I tested your .obj file in AssetImporter yesterday to see if Assimp or the importer was somehow manipulating the normals, and confirmed neither manipulates it. Turns out the winding order and the face normals match exactly even for the faces that were flipped and something that I tried to detect and add a routine to fix, and passing the -nf (FixInfacingNormals) option had no affect on what Assimp returned: the mesh it generated were exactly the same.
I can assume the problem lies in how the mesh is constructed in your 3D modeling tool, and perhaps, not cleaned (Maya has mesh clean process to correct badly configured geoms).

GodMan

I’ve been using 3ds max since 2008. I am positive that your issue is the way the model is created. Sometimes when beginners start 3d modeling they don’t realize that making 3d geometry has a right way and a wrong way.

Would you be willing to use a better 3d modeling program?

claudeHasler

Sadly its not down to wanting to use a certain modelling program, as the files im getting are exported from a CAD program, which is my sole source of information. This CAD project will then be imported into my software where the data can be visualized for a specific task. So really i need to find a way to properly use the models i get. Do you see any realistic path to achieving this? I’d be open to solutions which are “lazy”, it’s just important that the models can be viewed successfully.

Is there a way to use “unlit” shading, but still get a differentiation of brightness depending on the angle of a specific face?

Dave82

You can modify the Lighting (hlsl or glsl) shader to hack something out but it won’t be easy. Find the function called GetDiffuse in the shader and modify the light calculation to your needs.

float GetDiffuse(float3 normal, float3 worldPos, out float3 lightDir)
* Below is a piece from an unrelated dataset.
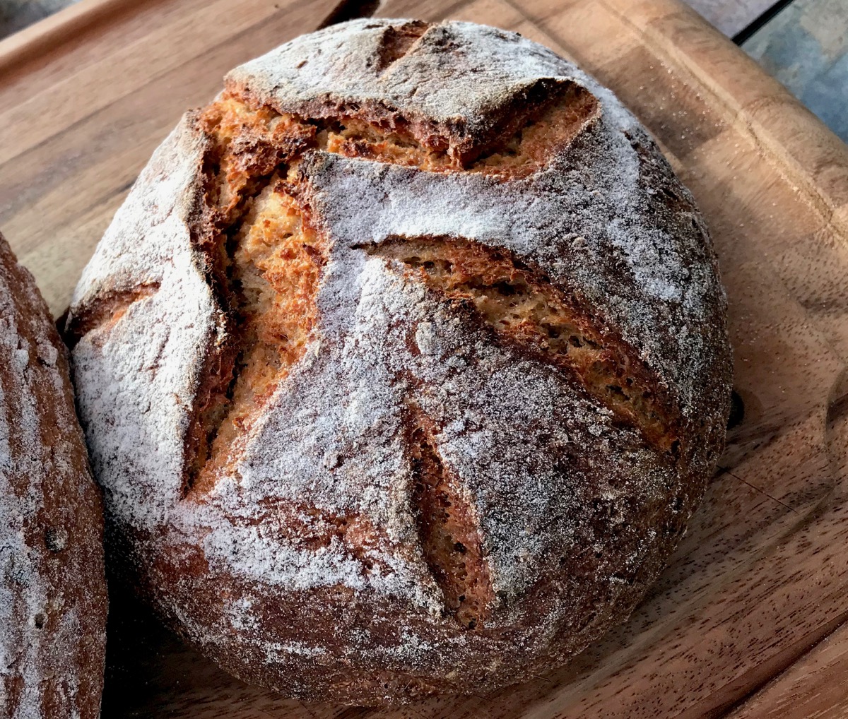 The bread turned out very tasty and makes great grilled bread or just toasted with some cheese or butter. All the goodies packed into this one along with the fresh milled whole wheat and rye made this extremely flavorful. The small amount of maple syrup added just enough sweetness to round out the flavor profile.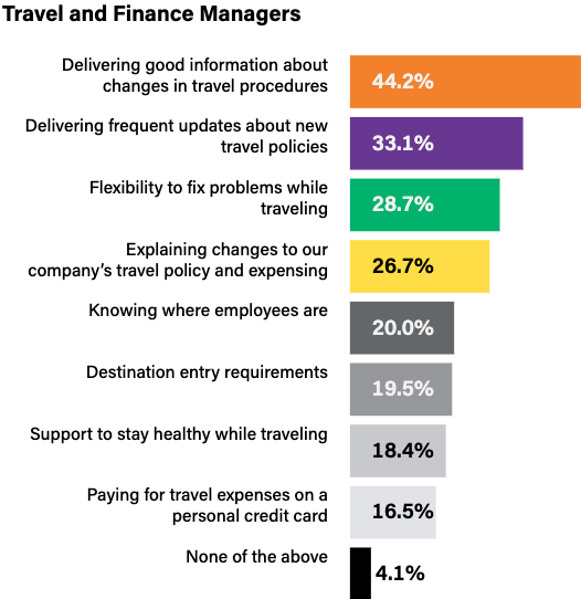 Otra prioridad no satisfecha para la satisfacción de los empleados es una comunicación mejorada y más rápida sobre las políticas de viaje nuevas y revisadas. Casi la mitad (48%) de los viajeros mencionaron “recibir información oportuna” como su principal preocupación, el 32% buscaba “actualizaciones frecuentes” y el 26% quería “entender los cambios en la política de viaje y los gastos de mi empresa”.

You can play with the lightDir and normal variables to come up with something. Happy experimenting…
But i still think that there is no real solution for broken models… Those flipped faces are totally random and unpredictable.

SirNate0

If the faces don’t need to have consistent lighting it should be pretty simple, probably just adding an absolute value on a dot product is my guess.

What CAD program are you using for this? It’s possible you can make it output correct geometry.

Lumak

I think Dave’s on the right track. You can flip the normals in the vertex shader section of the LitSolid shader file, as an example:

void VS()
{
. . .
  vec3 n = cCameraPos - worldPos;
  if (dot(n, vNormal) < 0.0)
  {
    vNormal *= -1.0;
  }
}

Of course you’ll have to set cull=“none” in your material, as you’ve done previously.

Edit: It might be more convenient to write it as:

  vNormal = -vNormal;
Dave82

I had the same idea but this should not work in all situations. Consider a plain receiving light from one side and the user views it from the other side. This solution simply lights all faces (faces that are facing towards the light by default will receive light and which are facing away from the light will be flipped which ends up in all faces being lit)

SirNate0

I believe Lumak’s solution (possibly changing worldPos to the worldPos of the vertex, I’m not sure what all the variables are in the shaders) is actually the correct solution lighting-wise. As long as the models don’t have holes in them, it should always result in the faces having their normals pointing towards the camera, which should always be “outside” of the model on a closed model (which is presumably the only type of model you would get from a CAD program).

Lumak

ok, that got me curious and I had to test the planes and see how it’ll look with the code snippet that I posted:


every model above the floor plane uses the flippedNormal technique, and I think they look ok, even the plane.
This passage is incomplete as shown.